Meet the 2018 Most Distinguished Chapter

It’s been a long time coming, but at PTK Catalyst 2018, the Omicron Psi Chapter from Grayson College in Texas was named the Most Distinguished Chapter.

The award recognizes the chapter with the highest combined score of its Honors in Action Project and College Project Hallmark Award submissions. It is the greatest honor a Phi Theta Kappa chapter can receive.

“When our chapter was called for Most Distinguished Chapter of 2018, I was in complete disbelief,” said Rebecca Gillespie, the chapter’s director of committees. “Not that I didn’t think we had worked hard all year to earn it, but I was in shock that we had come so far from where we were just a few years earlier.

“Many have made the statement that our chapter has always been in the top, but this could not be farther from the truth.”

Mary Linder became advisor to Omicron Psi in 2009 — then a One Star Chapter with only three active members — and she spent her first five years learning as much about Phi Theta Kappa as she could. Omicron Psi won its first international Hallmark Award in 2014 for its College Project.

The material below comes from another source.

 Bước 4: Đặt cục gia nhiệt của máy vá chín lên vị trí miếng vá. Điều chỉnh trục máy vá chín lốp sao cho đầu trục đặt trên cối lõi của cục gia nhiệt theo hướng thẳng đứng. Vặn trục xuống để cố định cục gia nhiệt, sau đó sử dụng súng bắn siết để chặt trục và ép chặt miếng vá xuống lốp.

More success followed in 2015, with three international awards and member Elizabeth Taylor being elected to International Office. In 2016, the chapter won the same awards as the previous year. In 2017, it received four international awards and was named runner-up to Most Distinguished Chapter.

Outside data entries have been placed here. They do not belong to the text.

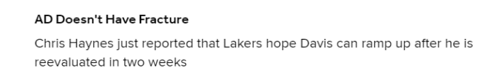JRS直播网12月24日讯 ,湖人官方正式宣布浓眉因右脚应力性损伤而无限期休战,浓眉伤势令人担忧,之后BR记者克里斯-海耶斯报道,浓眉的右脚没有骨折,他现在的感觉很好,浓眉将会在2周后接受复查,若恢复顺利,到时他可以为复出而加强训练强度。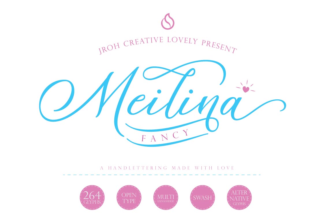 Hi….let me introduce the Meilina Fancy, this font was created with love to help you designing your lovely artworks such as wedding invitation, greeting card, merchandise, t-shirt, etc. The Meilina Fancy was designed for personal characters such as love, soft, dynamic, readable, etc. TradeMark containing 264 Glyphs with the alternative characters to improve your design.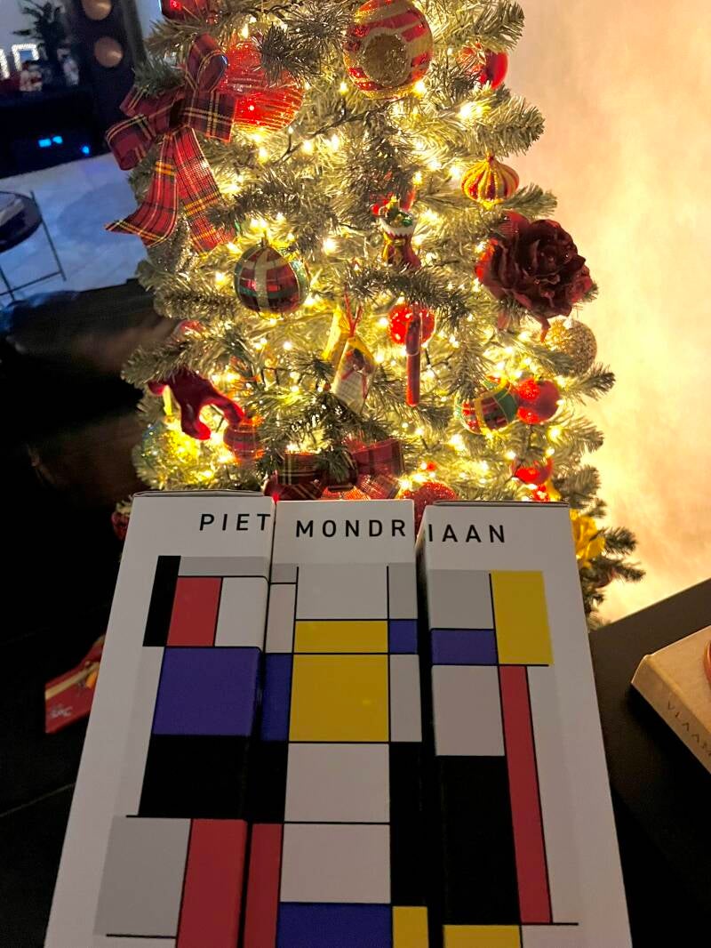 Waarom Mondriaan vraag je jezelf misschien af? Wel dit is de favoriete schilder van Olivier. Hoe kunst zo relevant en jong kan overkomen alhoewel het schilderij op de doos al meer dan 100 jaar oud is, fascineert ons.

“There’s an equalizing force in the fact that we start over each year with new officers and members, as well as new projects,” Mary said. “And when you are competing against other amazing chapters, nothing is guaranteed.”

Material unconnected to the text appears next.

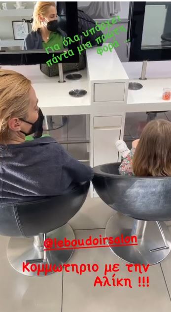 H φωτογραφία της Τζένη Μπότση με την κορούλα της στο κομμωτήριο

Omicron Psi is very intentional in its approach to Honors in Action and College Projects. Discussions about the Honors Study Topic begin mid-spring during weekly chapter meetings, and the research team is identified by the end of spring.

This is also around the time that new chapter officers are selected and installed, so two leadership trainings and orientations are held during the summer where officers learn about strengths-based leadership and Phi Theta Kappa, while also setting goals and planning the calendar.

A special tradition to inspire fellowship among new officers is “Fried Chicken Fellowship,” which Rebecca hosts in her home for the new officers and their families. She cooks a homemade Southern-style dinner, and they play games.

“This is beneficial for many reasons,” she said. “It permits us to put aside our study and work projects and have a little fun, but it also is a good time to bring our families so they can learn why we care so much about our involvement in Phi Theta Kappa.”

The officer and research teams meet weekly throughout the summer to plan research and discuss findings. Advisors also provide specific training on Honors in Action as a process and discuss the rubric for the Hallmark Awards submission, which helps the team focus on their journaling.

They also attend Honors Institute and the Texas Honors Institute.

“This has been pivotal in our understanding of the Honors Study Topic, the Honors in Action process, and Hallmark Award application writing,” chapter co-advisor Dr. Molly Harris said.

Teams aim to complete research during the summer so they can focus on the project’s action component in the fall. In 2017-18, Omicron Psi focused on the barriers to Internet access in nations around the world. (Read about it on page 10 of Civic Scholar: Phi Theta Kappa Journal of Undergraduate Research.)

The College Project was to plan and execute the launch of a new campus-wide initiative linked to “Life Activated,” a community program that creates opportunities for healthier living in mind, body, and soul — which is directly related to student success and employee productivity. The chapter coordinated with several organizations and departments on campus to identify and develop the program.

This cooperation with other campus organizations has benefited the chapter in many ways. Because of the chapter’s close ties to the International Students Office in particular, Omicron Psi’s membership is now more diverse than the campus population.

“This has created an environment where our rural Texas students are exposed to diverse perspectives, cultures, and practices,” Molly said. “Because of the global perspective of our Honors in Action Projects, open dialogue has provided tremendous learning opportunities.”

These opportunities are what drew chapter secretary Brittani Welch to Omicron Psi and Phi Theta Kappa. As a non-traditional student, she was looking for a way to get more involved and make her mark on campus and in the wider community.

When she saw that the chapter sponsored the college’s food pantry, she knew she’d made the right decision. Conducting successful research, partnering with community business leaders, and connecting with a diverse population of students are just a few of the lessons she will take with her to Texas Woman’s University this summer.

“I want to change the world and help others in making our community a better place for all people, and Phi Theta Kappa is doing that,” she said. “Grayson College, like many other community colleges, is where our future is being built. Community colleges are places for everyone and where anything is possible.”